The per-claim civil penalty under the FCA is set to increase significantly in the coming year due to the recent passing of the Federal Civil Penalties Inflation Adjustment Act Improvements Act of 2015 (the Act) in the Bipartisan Budget Act of 2015, H.R. 1314, 114th Cong. § 701. The Act requires federal agencies to increase civil monetary penalty amounts to account for inflation by August 1, 2016, and again on January 15 of each subsequent year. The penalties are to be increased initially by a cost-of-living adjustment percentage determined by comparing the Consumer Price Index for October 2015 to the Consumer Price Index for October of the year the penalty was last adjusted, which was 1999 for the FCA. The Act allows for some discretion by the agency in reducing the penalty adjustment, if the agency follows a notice-and-comment process on the social costs or negative impact of the penalty increase and the Office of Management and Budget concurs in its analysis.

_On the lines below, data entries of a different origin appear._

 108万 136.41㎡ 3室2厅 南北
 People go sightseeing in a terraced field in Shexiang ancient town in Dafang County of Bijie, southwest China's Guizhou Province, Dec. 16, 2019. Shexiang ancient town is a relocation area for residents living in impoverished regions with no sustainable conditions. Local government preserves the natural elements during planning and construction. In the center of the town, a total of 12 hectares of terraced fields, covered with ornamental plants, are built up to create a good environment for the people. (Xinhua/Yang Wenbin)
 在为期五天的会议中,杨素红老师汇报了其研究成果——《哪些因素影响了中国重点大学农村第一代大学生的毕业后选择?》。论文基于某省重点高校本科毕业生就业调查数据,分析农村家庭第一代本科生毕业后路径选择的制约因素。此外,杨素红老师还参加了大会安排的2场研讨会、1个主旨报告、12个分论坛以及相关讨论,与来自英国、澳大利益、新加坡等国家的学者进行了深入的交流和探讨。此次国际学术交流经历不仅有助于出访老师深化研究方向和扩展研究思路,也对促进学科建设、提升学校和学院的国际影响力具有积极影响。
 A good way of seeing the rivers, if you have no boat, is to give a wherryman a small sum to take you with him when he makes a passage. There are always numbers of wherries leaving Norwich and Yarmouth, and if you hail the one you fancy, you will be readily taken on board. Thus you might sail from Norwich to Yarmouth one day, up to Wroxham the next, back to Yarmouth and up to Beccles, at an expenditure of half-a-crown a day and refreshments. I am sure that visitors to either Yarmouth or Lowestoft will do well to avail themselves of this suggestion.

Upcoming Supreme Court Decision on Implied Certification

As noted above, the U.S. Supreme Court has granted certiorari in U.S. ex rel. Escobar v. Universal Health Services (1st Cir. 2015). The questions presented are (1) whether the “implied-certification” theory of legal falsity under the FCA—applied by the First Circuit below but recently rejected by the Seventh Circuit—is viable; and (2) if the “implied-certification” theory is viable, whether a government contractor's reimbursement claim can be legally “false” under that theory if the provider failed to comply with a statute, regulation, or contractual provision that does not state that it is a condition of payment (as held by the First, Fourth, and D.C. Circuits); or whether liability for a legally “false” reimbursement claim requires that the statute, regulation, or contractual provision expressly does state that it is a condition of payment (as held by the Second and Sixth Circuits).

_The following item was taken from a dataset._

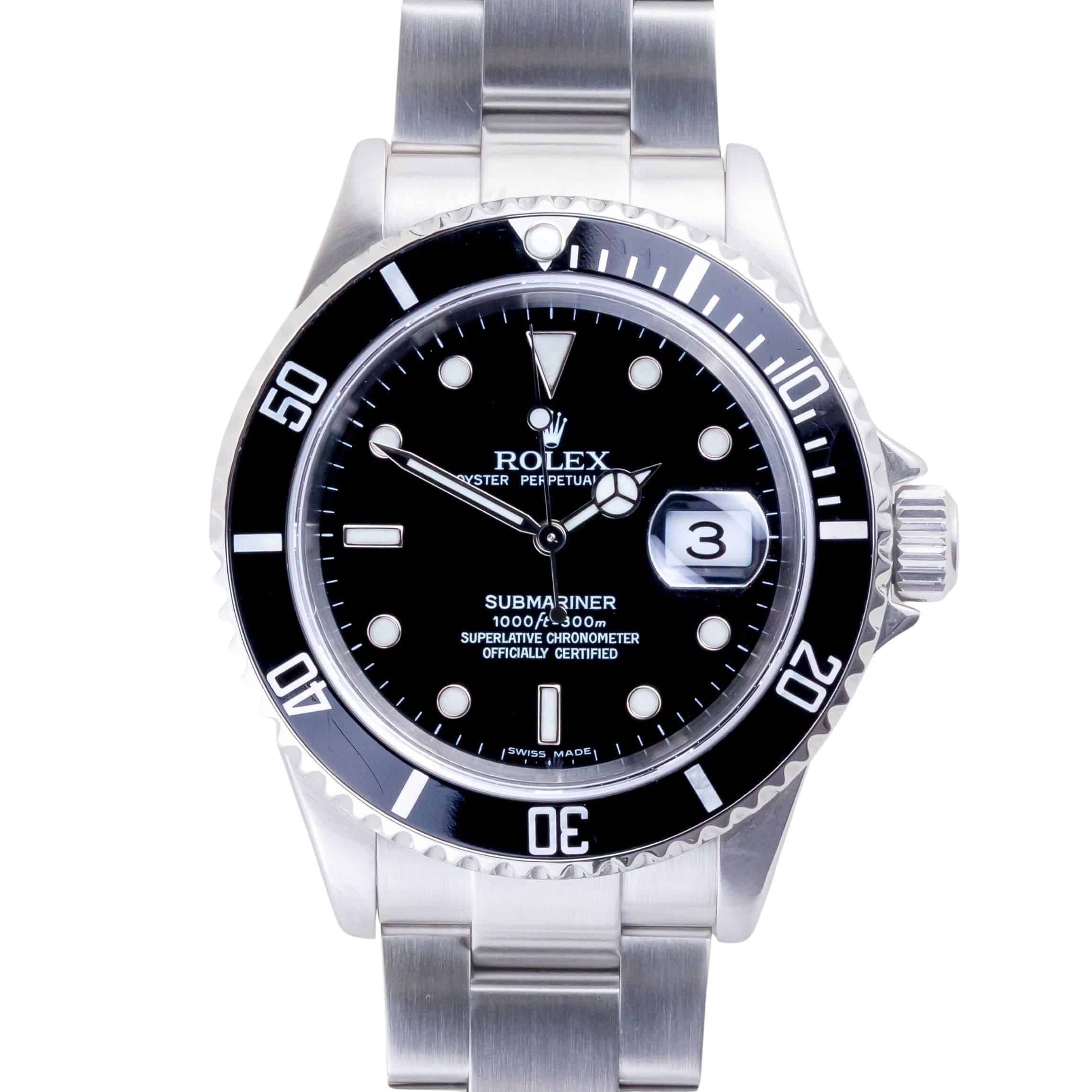Rolex Oyster Perpetual Submariner Date Reference 16610 from 2006. The Submariner 16610 measures a 40mm stainless steel case, a stainless steel Oyster bracelet w/ Fliplock clasp and black rotatable bezel. The Submariner 16610 features an automatic caliber 3135 with quickset date function, a scratch resistance sapphire crystal and black Swiss only dial with luminova index.Every watch sold by Langedyk Vintage Watches is included with a LVW watch box, Authenticity report and free worldwide (insured) shipment. In addition, every pre-owned watch is offered with our 12-month warranty from the date of purchase.

Upcoming Fourth Circuit Decision on Extrapolation

In U.S. ex rel. Michaels et al. v. Agape Senior Community, Inc., former employees of nursing home operator Agape brought an FCA suit against their employer alleging widespread Medicare fraud for hospice care and general inpatient services, allegedly impacting between 53,000 and 61,000 claims. The government elected not to intervene in the suit. After briefing and argument on the issue of using statistical sampling and extrapolation, the District of South Carolina ruled that it would not allow the relator to use statistical sampling to prove liability and damages. The parties then reached an agreement to settle the case for $2.5 million, which the government rejected based upon its independent assessment by statistical sampling and extrapolation that the case was worth $25 million. The District Court reviewed the case law on extrapolation and found that the current case was not one suited for statistical sampling because of the fact-intensive inquiries required for each patient to determine whether care was medically necessary. As the relator’s pre-trial expenses without sampling would amount to between $16.2 million and $36.5 million, possibly exceeding the government’s assessed value of the case, the district court certified two issues for interlocutory appeal to the Fourth Circuit: (1) the government's right to reject a settlement in an FCA action in which it has not intervened, and (2) the use of statistical sampling to prove liability and damages. This is set to be the first court of appeals opinion to address whether the use of statistical sampling and extrapolation is permissible to prove elements of liability under the FCA.

Yates Memo

A memorandum issued by Deputy Attorney General Sally Quillian Yates on September 9, 2015, stated a number of policy directives and clarifications for the DOJ with regard to increasing focus on prosecuting individual employees alongside corporations for corporate wrongdoing. Civil FCA investigations are included within the scope of this policy statement. It remains to be seen whether there will be an actual increase in civil FCA actions against individuals and how companies under investigation may change the scope of their cooperation with the government in light of this new memorandum.



[1] Bradley Arant Boult Cummings LLP represents AseraCare in this matter.